[ASSIGNMENT]:
Return exactly, please, the line that contains "小豆あんを餅、そしてパイ生地で包んで焼いたもの" and every line after it through the end of the material that follows, leaving pictures aside.
INFORMATION SHOWN below:
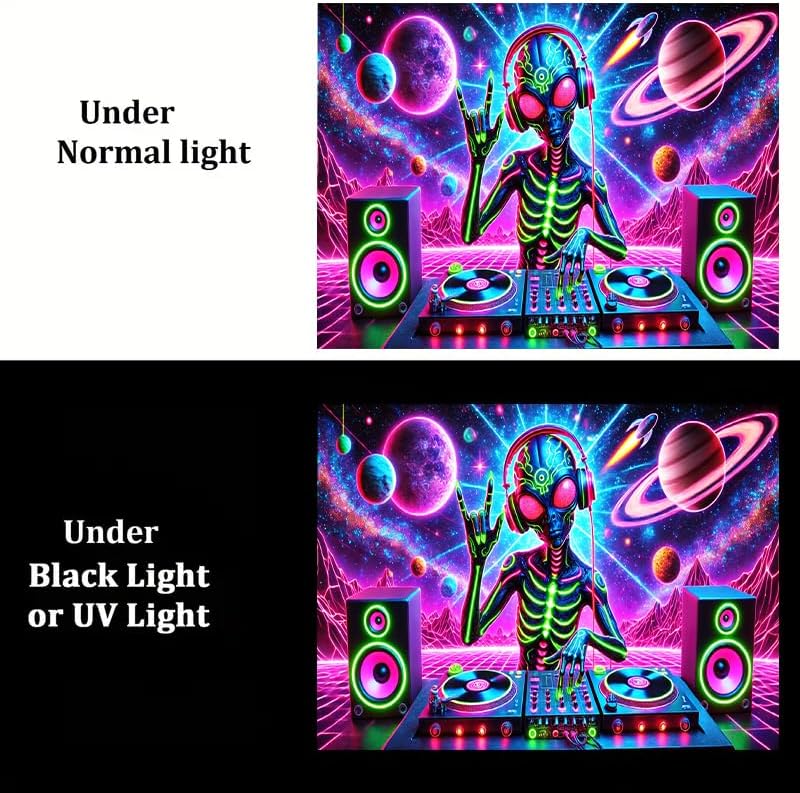 BlissYard Aliens Tapestry 78x59 Inch Blacklight DJ Aliens Tapestry Alien Tapestry for Men Guys Bedroom UV Reactive Alien Wall Tapestry Hanging Art Tapestry Room Decor Aesthetics Party Poster Banner
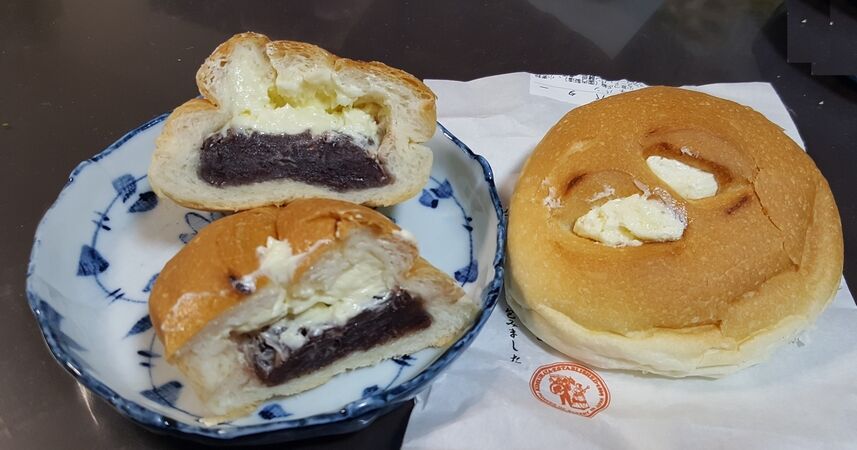 小豆あんを餅、そしてパイ生地で包んで焼いたもの
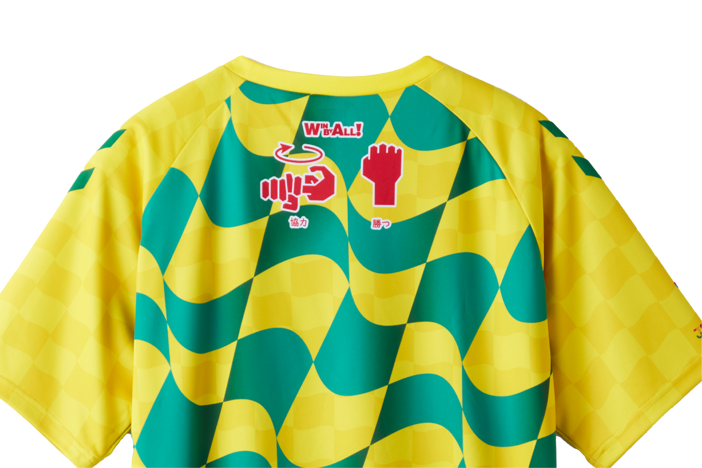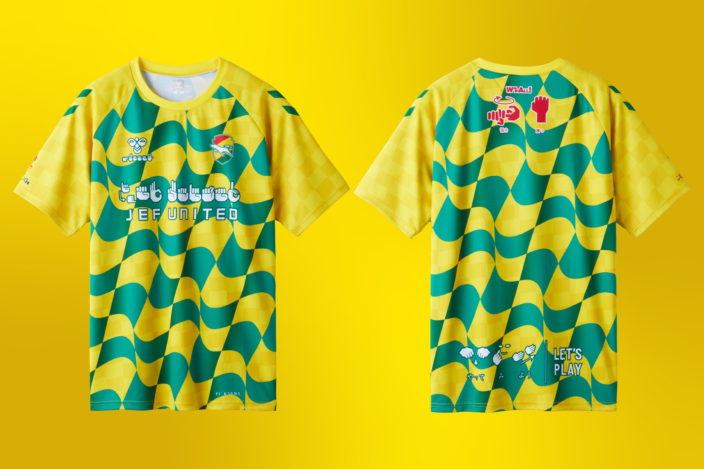 今回、選手たちが着用したシャツは、フラッグを重ね合わせたデザインに手話のイラストを配置したもの。「心の旗を振ろう」をテーマに、表面にJEFUNITEDを指文字とアルファベットで表記。背面上部にはクラブフィロソフィー「WIN BY ALL!」を入れ、「協力」と「勝つ」を対応する手話として取り入れたチャリティーTシャツです。
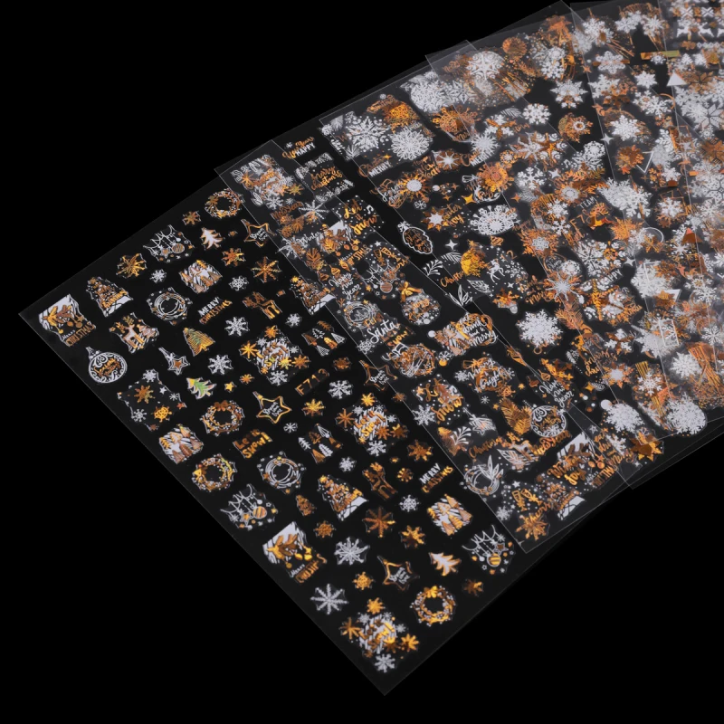 Наклейка для ногтей 3D зимняя Снежинка Лось лазерная Золотая Рождественская наклейка для ногтей с английскими буквами
End of INFORMATION SHOWN.
[SOLUTION]:
 小豆あんを餅、そしてパイ生地で包んで焼いたもの
 今回、選手たちが着用したシャツは、フラッグを重ね合わせたデザインに手話のイラストを配置したもの。「心の旗を振ろう」をテーマに、表面にJEFUNITEDを指文字とアルファベットで表記。背面上部にはクラブフィロソフィー「WIN BY ALL!」を入れ、「協力」と「勝つ」を対応する手話として取り入れたチャリティーTシャツです。
 Наклейка для ногтей 3D зимняя Снежинка Лось лазерная Золотая Рождественская наклейка для ногтей с английскими буквами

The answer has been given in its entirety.